Зиберов делит, получает 3 с остатком и быстро стирает.

«Странно… – думает он, ероша волосы и краснея. – Как же она решается? Гм!.. Это задача на неопределенные уравнения, а вовсе не арифметическая…»

Учитель глядит в ответы и видит 75 и 63.

«Гм!.. странно… Сложить 5 и 3, а потом делить 540 на 8? Так, что ли? Нет, не то».

– Решайте же! – говорит он Пете.

– Ну, чего думаешь? Задача-то ведь пустяковая! – говорит Удодов Пете. – Экий ты дурак, братец! Решите уж вы ему, Егор Алексеич.

Егор Алексеич берет в руки грифель и начинает решать. Он заикается, краснеет, бледнеет.

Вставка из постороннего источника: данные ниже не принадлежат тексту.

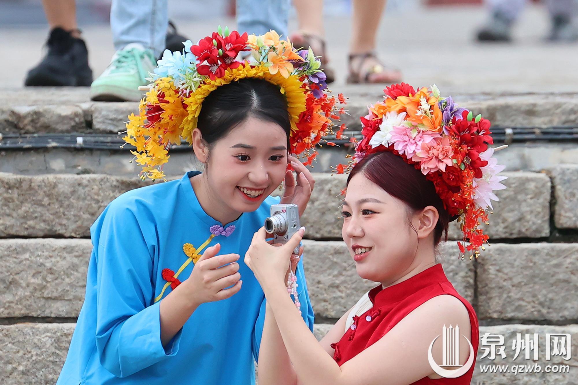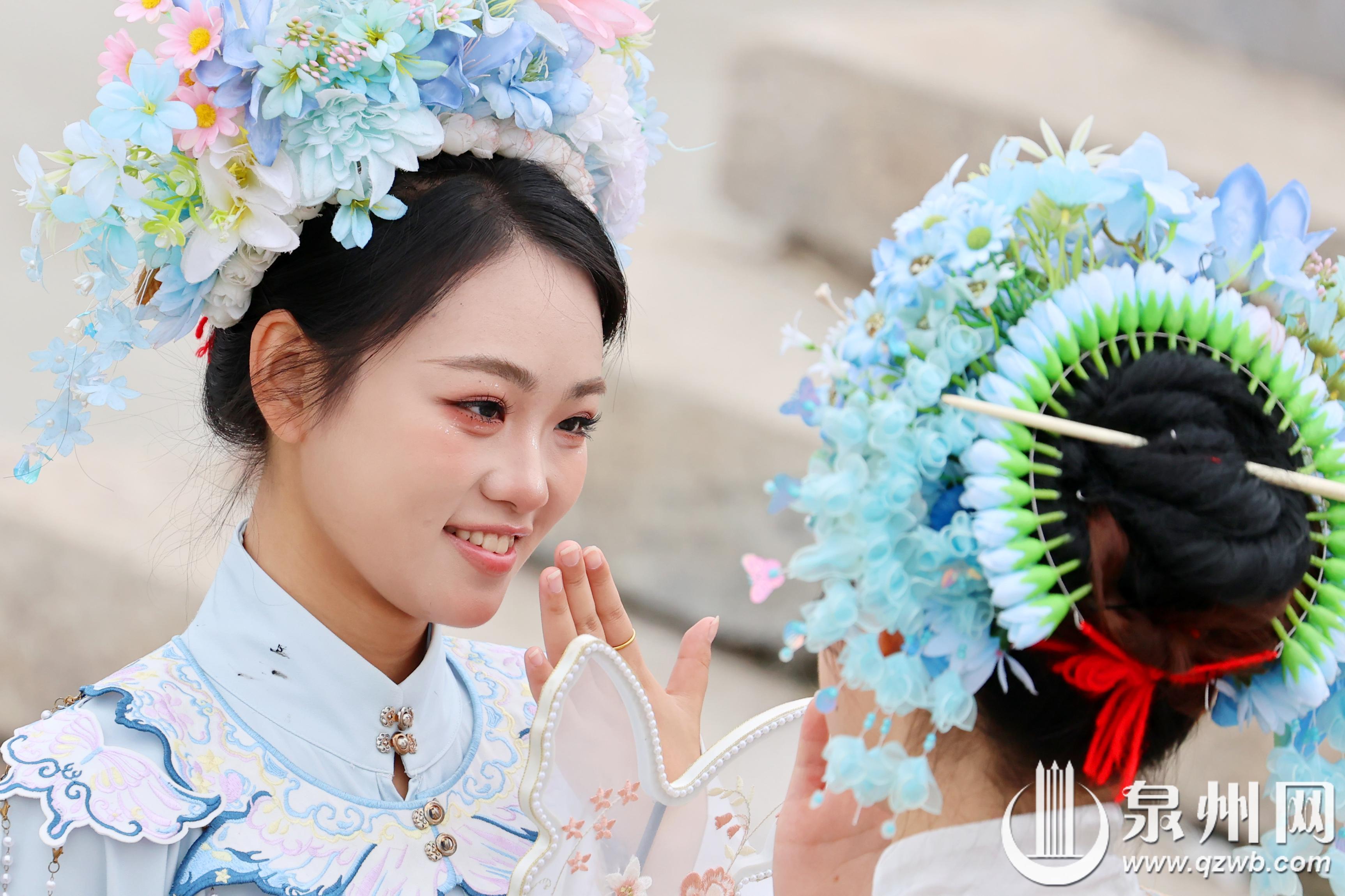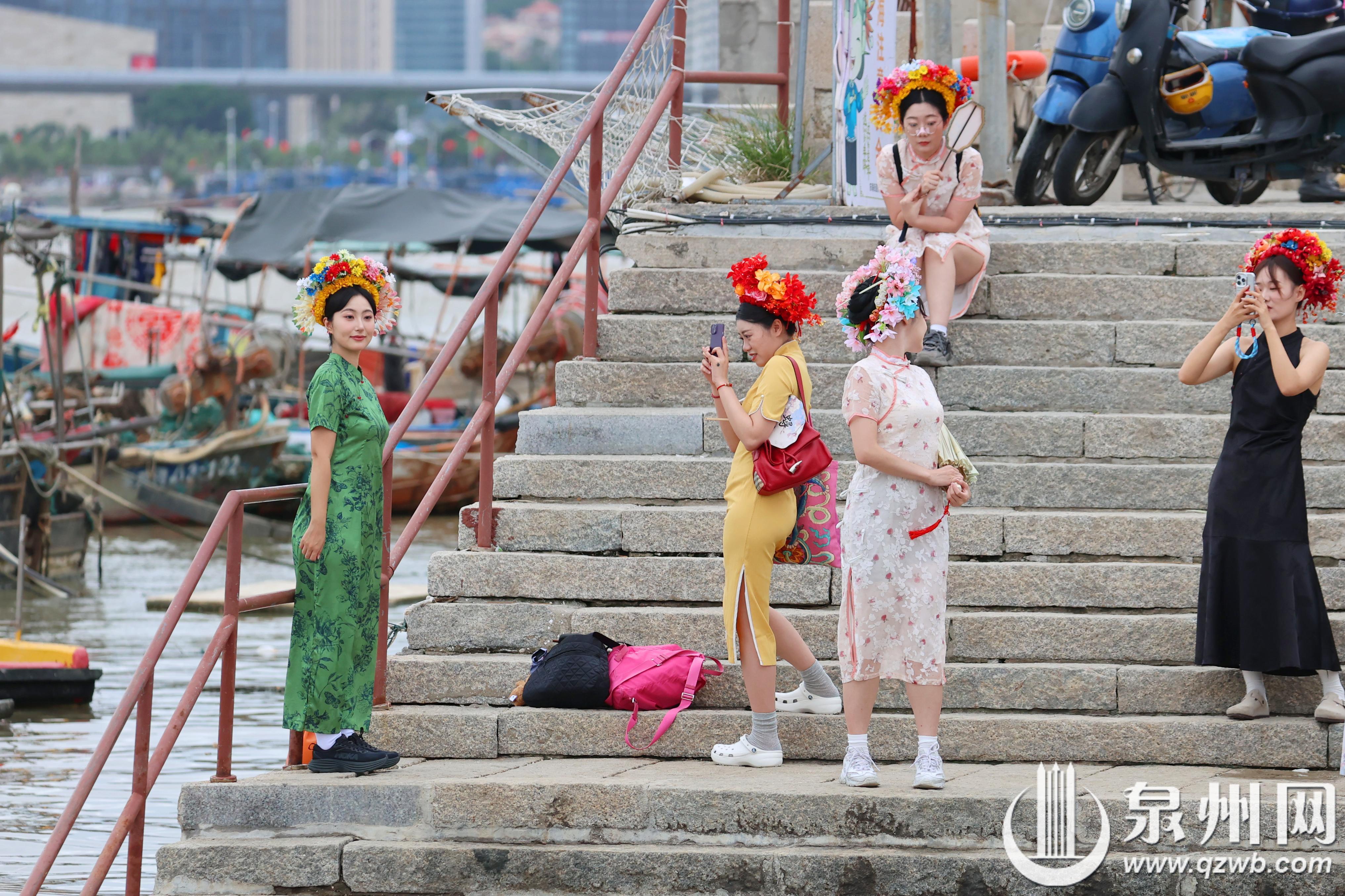 10月2日,国庆小长假第二天,一大早,泉州市丰泽区蟳埔社区的小码头暗香浮动,簪花摇曳。从各地慕名而来的爱美之人纷纷身着华丽服装,扮上精致妆容,在镜头前尽情展示自己最美的簪花围造型,留下值得回味的瞬间。(融媒体记者陈起拓 摄)
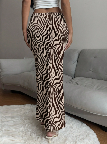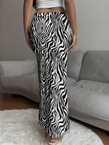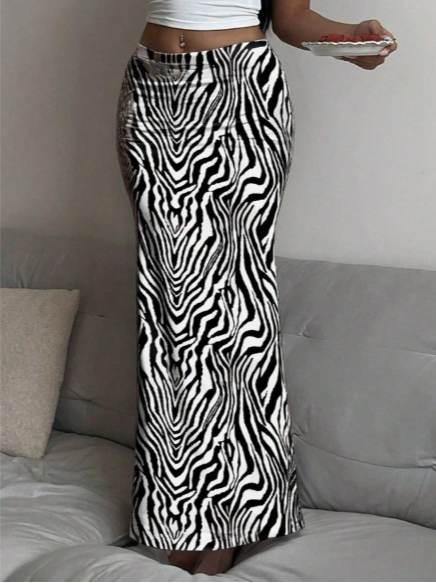 Jupe longue en maille taille basse à imprimé zèbre SHEIN SXY pour femme, idéale pour le printemps, l'été et l'automne, idéale pour sortir. Robe chic
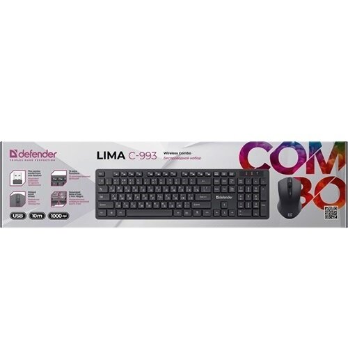 Беспроводная клавиатура и мышь Defender Lima C-993 RU чёрный комплект мультимедиа информация:
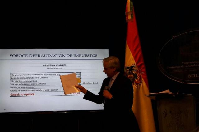"Según los estados financieros del año 2005, a pocos meses de haber vendido a Cementos Chihuahua sus acciones, reportan que la ganancia por venta de acciones son 80 millones, pero en verdad la ganancia era 297 millones de bolivianoo”, aseguró.
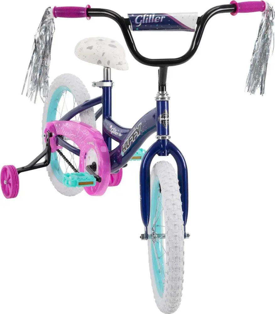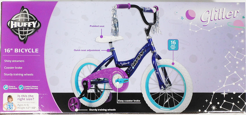 Let your little one sparkle and ride in style with the Huffy Glitter 16" Bike. Designed for girls aged 4-6 and tailored for riders between 42" to 48" in height, this bike combines safety and fun. The vibrant design, complete with glittery accents, ensures an exciting ride while sturdy construction and easy-to-use features provide confidence and comfort as they learn and grow.

– Эта задача, собственно говоря, алгебраическая, – говорит он. – Ее с иксом и игреком решить можно. Впрочем, можно и так решить. Я, вот, разделил… понимаете? Теперь, вот, надо вычесть… понимаете? Или, вот что… Решите мне эту задачу сами к завтраму… Подумайте…

Петя ехидно улыбается. Удодов тоже улыбается. Оба они понимают замешательство учителя. Ученик VII класса еще пуще конфузится, встает и начинает ходить из угла в угол.

– И без алгебры решить можно, – говорит Удодов, протягивая руку к счетам и вздыхая. – Вот, извольте видеть…

Он щелкает на счетах, и у него получается 75 и 63, что и нужно было.

– Вот-с… по-нашему, по-неученому.

Учителю становится нестерпимо жутко. С замиранием сердца поглядывает он на часы и видит, что до конца урока остается еще час с четвертью – целая вечность!

– Теперь диктант.

После диктанта – география, за географией – закон божий, потом русский язык, – много на этом свете наук! Но вот, наконец, кончается двухчасовой урок. Зиберов берется за шапку, милостиво подает Пете руку и прощается с Удодовым.

– Не можете ли вы сегодня дать мне немного денег? – просит он робко. – Завтра мне нужно взносить плату за учение. Вы должны мне за шесть месяцев.

– Я? Ах, да, да… – бормочет Удодов, не глядя на Зиберова. – С удовольствием! Только у меня сейчас нету, а я вам через недельку… или через две…

Зиберов соглашается и, надев свои тяжелые, грязные калоши, идет на другой урок.

Певчие

С легкой руки мирового, получившего письмо из Питера, разнеслись слухи, что скоро в Ефремово прибудет барин, граф Владимир Иваныч. Когда он прибудет, – неизвестно.

– Яко тать в нощи, – говорит отец Кузьма, маленький, седенький попик в лиловой ряске. – А ежели он приедет, то и прохода здесь не будет от дворянства и прочего высшего сословия. Все соседи съедутся. Уж ты тово… постарайся, Алексей Алексеич… Сердечно прошу…

– Мне-то что! – говорит Алексей Алексеич, хмурясь. – Я свое дело сделаю. Лишь бы только мой враг ектению в тон читал. А то ведь он назло…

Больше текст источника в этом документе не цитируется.